Good selection of colors! I do not know if you researched or not, but I read that bees can not see red (it looks black to them) and you have no red.


----------



## Chrissy Shaw (Nov 21, 2006)

*I use red, just not black*

I like that color selection, i mix as i go, tonal shades, varried bottom boards, entrance blocks, all so that the bees have a easier way home. I also use geometric patterns and contrasting colors on the alighting boards on my stands. Each stand is painted a color and the number for that position in the yard would be: one/brown and one brown would be the most westerly hive possition on the stand. The colony in that space may change and those changes are written on a board inside so it can be kept track of. Only hive possition is fixed, all else are recorded seperate.

Chrissy Shaw


----------



## Hobie (Jun 1, 2006)

Chrissy, I like your method, and was thinking of doing something similar myself. You might be interested in the c.1970 book by Karl von Frisch, "Bees, their language, senses, ...etc." Something like that.
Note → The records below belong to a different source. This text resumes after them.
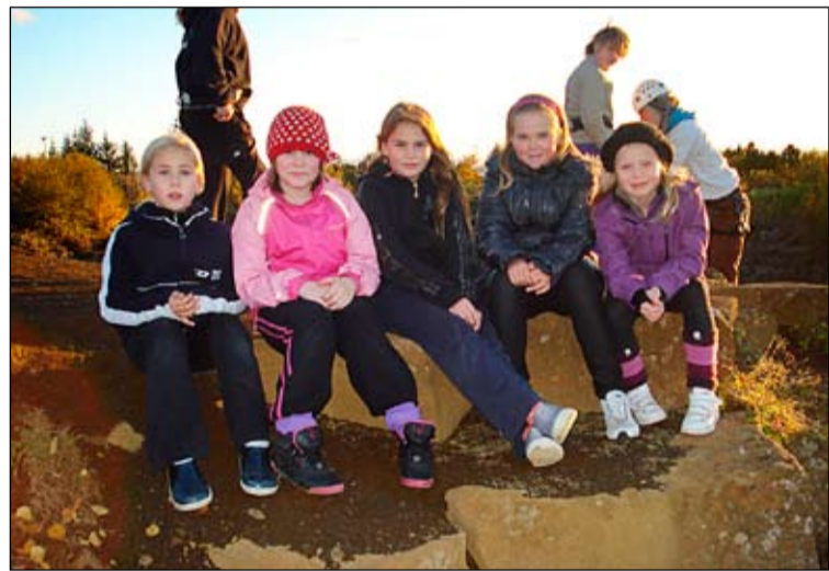
Skátastúlkur á ferðalagi.

skátarnir verið í útiöldun þar sem eldaðar voru súkkulaðikökur á kólum og sigið niður klettaveggi í Öskjuhlíðinni ásamt fjölda allan leikjum. Það reyndist mörgum erfitt að stíga fram af klettabrúnni í fyrsta skiptið en undir handleiðslu reyndra skátaforingja tekst flestum að sigrast á hræðslunni. Margir krakkar eru að takast á við skátaævintýrið í fyrsta sinn og eru allar sveitir í óða önn að geri sig klára fyrir fyrstu útilegu vetrarinnar á Úlfjótssvatni í lok október.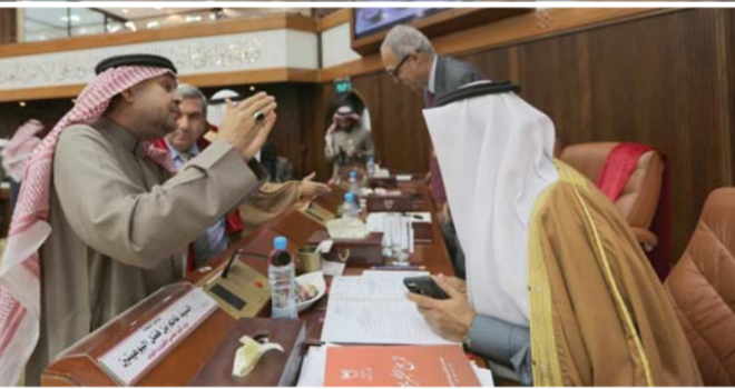
• النائب خليفة الغانم مصافحاً وفد إدارة المرور

وافق مجلس النواب أمس على طلب طرح موضوع نظام السير والمرور في مملكة البحرين للمناقشة خلال جلسة المجلس المقبلة. وتتضمن هذه المناقشة حول الإجراءات والخطط المعدة والمتخذة لتخفيف الازدحامات المرورية الشديدة والمستمرّة، ومن حيث تنفيذ قانون المرور في ضبط المخالفات المرورية وفرض العقوبات على المخالفين، وقبل التصويت، بين النائب جمال داوود أن سير طرح هذا الموضوع يأتي في إطار ارتفاع معدل المرورية في المملكة، والبحث عن حلول لتخفيفها، وتشميل حركة السير.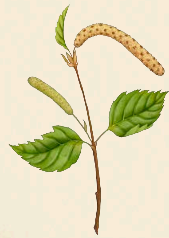
Björk ( Betula verrucosa )

Några av de ämnen (allergen) som du kan reagera på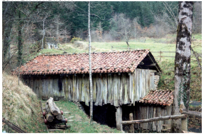
XIX. mendeko Larraondo zerratagia, Zerain, Gipuzkoa / Aran Goierrri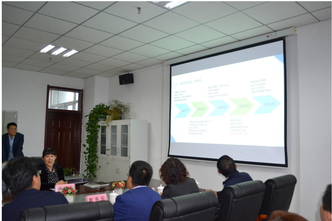
撰稿：王丹丹 审核：武晋斌

He does some fascinating experiments over the span of 30+ years, including determining what colors bees "see", what geometric shapes they distinguish, and how they use these to find their home in a bank of similar hives.


----------



## berkshire bee (Jan 28, 2007)

Yes I like the colors. I don't have any purple hives yet . Last year I bought a couple of colors and mixed in various shades as I went along


----------